The United States Department of Justice (DoJ) is seeking traders who were registered users of the now defunct CoinGather digital currency exchange. The exchange was seized in 2018 after speculations that it had pulled an exit scam. Now, the DoJ is seeking to forfeit all the digital currency holdings it seized from the exchange.
The DoJ recently announced that it would be forfeiting all digital currencies it seized from wallets belonging to CoinGather. It then sent emails to users of the CoinGather exchange who had digital currencies in their wallets on November 21, 2017, requesting that they submit their details. It also created a webpage dedicated to providing information on the issue.

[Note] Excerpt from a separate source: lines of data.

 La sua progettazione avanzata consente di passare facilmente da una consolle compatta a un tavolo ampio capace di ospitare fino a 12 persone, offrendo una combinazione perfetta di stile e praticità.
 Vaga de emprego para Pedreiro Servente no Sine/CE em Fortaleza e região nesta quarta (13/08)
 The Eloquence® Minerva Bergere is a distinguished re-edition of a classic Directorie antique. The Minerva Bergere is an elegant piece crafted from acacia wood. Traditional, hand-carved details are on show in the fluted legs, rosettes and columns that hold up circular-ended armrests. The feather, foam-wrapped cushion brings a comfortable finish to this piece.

Users who wish to claim their digital currencies must provide details such as their name, date of birth, mailing address, email address they used to register on CoinGather and their username on the exchange.
In its warrant, the DoJ stated, “Please be advised that if you want to become a claimant in this action, you must file a claim within thirty five (35) days after the date this notice was sent to you, which is indicated on the enclosed certificate of service; and an answer to the Complaint for Forfeiture, or Rule 12 motion, within twenty-one (21) days after the filing of your claim.”

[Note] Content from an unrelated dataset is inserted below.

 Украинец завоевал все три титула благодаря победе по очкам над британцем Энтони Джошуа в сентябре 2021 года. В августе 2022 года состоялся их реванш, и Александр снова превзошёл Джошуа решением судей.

The DoJ further cautioned the CoinGather users that failure to file a claim may result in the issuance of “judgment by default against you and an order of forfeiture against the defendant property vesting title to the property in the United States of America.”

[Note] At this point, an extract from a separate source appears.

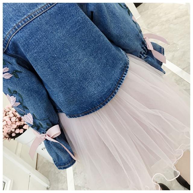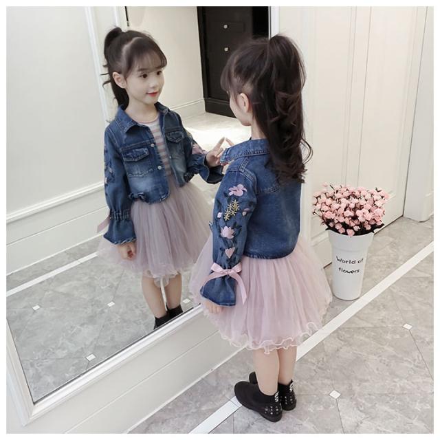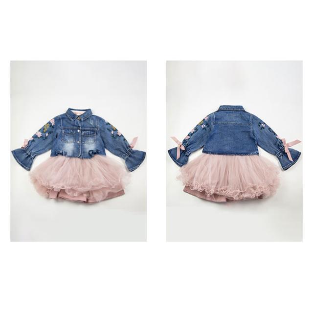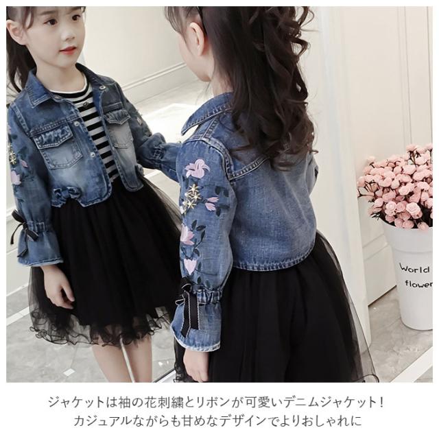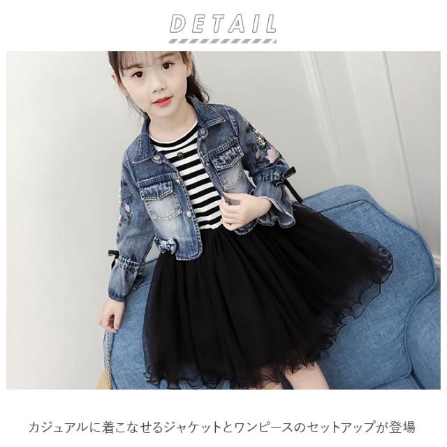 子供 服 女の子 セットアップ 通販 ジャケット フレア スカート 2点セット 上下セット セット チュールワンピース ワンピース デニム デニムジャケット ドレス 長袖 女の子 お嬢様

CoinGather went down in November 2017 with no notice to its users, causing instant panic. At the time of its disappearance, it had listed 92 digital currencies. According to CoinMarketCap, the exchange processed around $90,000 on average a day before it went down. Rumors of an exit scam were rife, with the Bitcointalk and Twitter accounts all becoming inactive after the site went down.
Five months later in March 2018, the FBI seized the CoinGather.com domain. The FBI claimed that it had found probable cause that the domain was used to facilitate crime as CoinGather was an unlicensed money transmitting business.
The DoJ obtained a warrant four months later to search the server, discovering that the exchange had 20,000 users. It also seized the digital currencies from the wallets, which it came to later reveal was worth millions of dollars.